今ではいろいろなメーカーが様々なタイプを発売していますが、元祖使い捨てカイロは『ホカロン』。発売元は、なんとお菓子メーカーのロッテです。(開発はロッテ電子工業株式会社)。

■ホカロン秘話

油を多く含むお菓子の酸化を防ぎ、長期間保存できるようにするために『脱酸素剤』というものが使われます。鉄の酸化熱を利用したものですが、ある日、効率を上げるために大型の脱酸素剤を作ったところ、非常に熱くなってしまったそうです。「これではお菓子に使えない……」。

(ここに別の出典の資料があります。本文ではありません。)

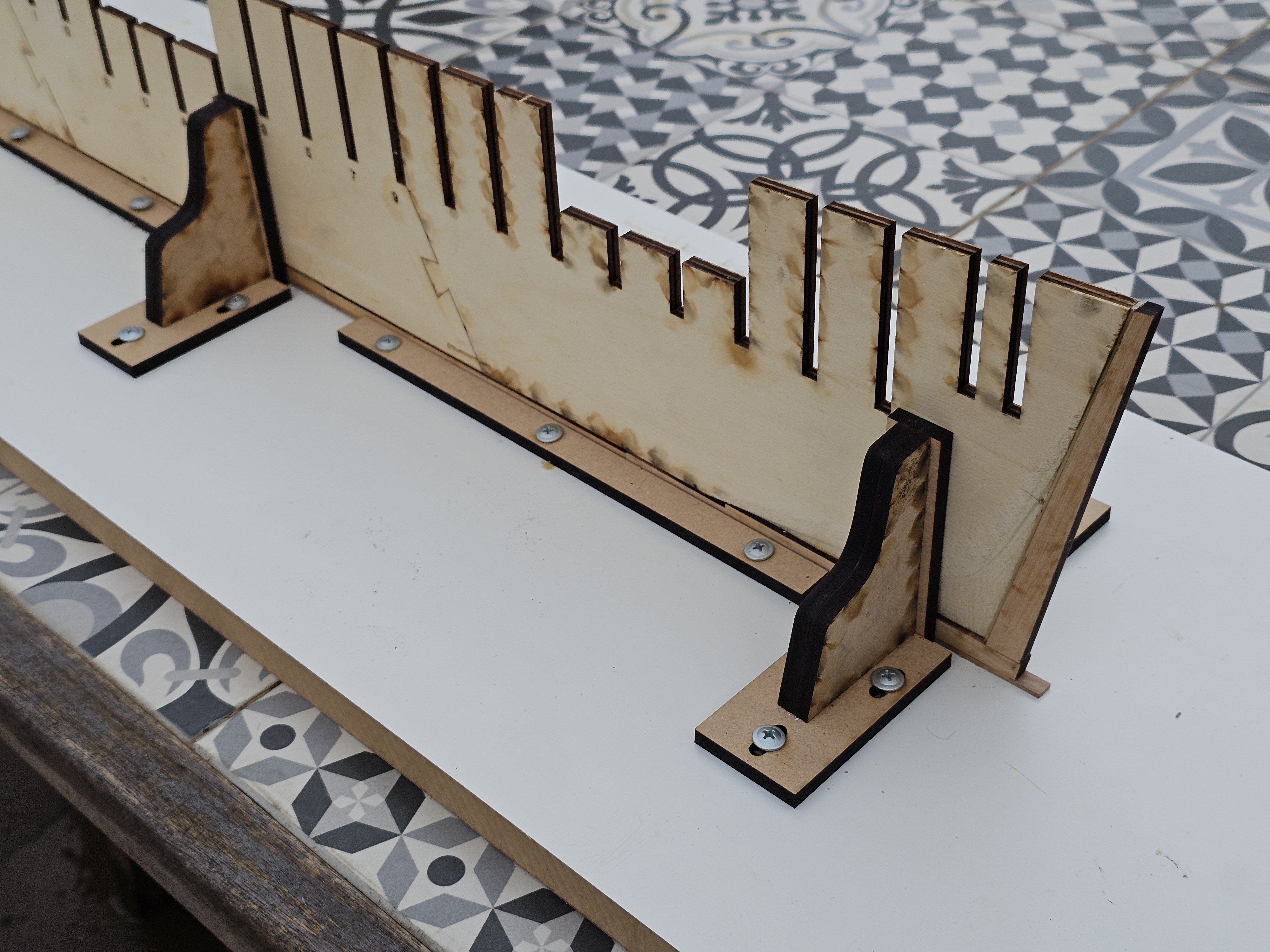 2. I have been busy with life but have been pottering along on the Winchelsea. Over the last several months I have added the Rabbet, the Keel, and the False Keel. Various small issues were encountered but I tackled them one at a time. After a long layoff, I was eager to get going and screwed up when removing some of the bulkhead former at the stern to allow planks to lay correctly. I did not angle the thinning, i gave no thought and took it down evenly. 😒Some filling will be required. After that, the keel and false keel were added. After cleaning the joins and surface up, attention turned to my building board. In Lightburn, I designed some 6mm MDF supports that needed to be cut by the laser as well as 4 strips of MDF that are straight edges. Yesterday, I used the laser cutter at Adelaide Makerspace to cut a load of sub assemblies from the 6mm MDF. The were assembled into braces that hold the bulkhead former, and the keel straight. A couple of hrs later and I had the building board, supports, and the bulkhead former completed and in place. I then glued in the bulkheads making sure the orientation was correct for the numbered and lettered bulkheads. I then turned my attention to the 3/64th inch pieces for the window spacers, the BF-1 spacer shims and the rear transom. I got 3 veneers, 1 . My Proxxon machines cut to a width of 80mm max. So, how to get a sheet or two of that size (I use mm, so it is 1.2mm sheets needed.) I visited a local specialist timber supplier who had various veneers of different thicknesses. I got 3 pieces of 750mm x 190mm x 0.5mm thick Rock Maple. I cut two of them into 4 pieces just over 300mm long. I then used Titebond II to glue two together giving me 2 final pieces at 300mm x 190mm x 1mm thick. The glue layer will add a touch of thickness I hope. I have them both under a weight of books to keep them flat until fully cured overnight. I will then go into the maker space and use the laser to cut these shapes out. Hopefully my next update won't take as long.

ところが、ある1人の開発者が「これは“カイロ”に使える!」とひらめき、ホカロン開発研究のきっかけになったそうです。そして1978年。初の携帯用カイロ『ホカロン』が誕生しました。

(ロッテ電子工業「ホカロンの歴史」より)

ホカロンは、ある人の理科の知識と発想の転換が生んだ偶然の産物だったのです。当時ホカロンは大反響を呼び、ヒット商品になりましたね。『ホカロン』というネーミングも気が利いていました。発明では何が吉と出るか分かりません。眠っている学生時代の知識も、これから増やしていく引き出しも、使えるものはすべて『発明の肥やし』にしましょう。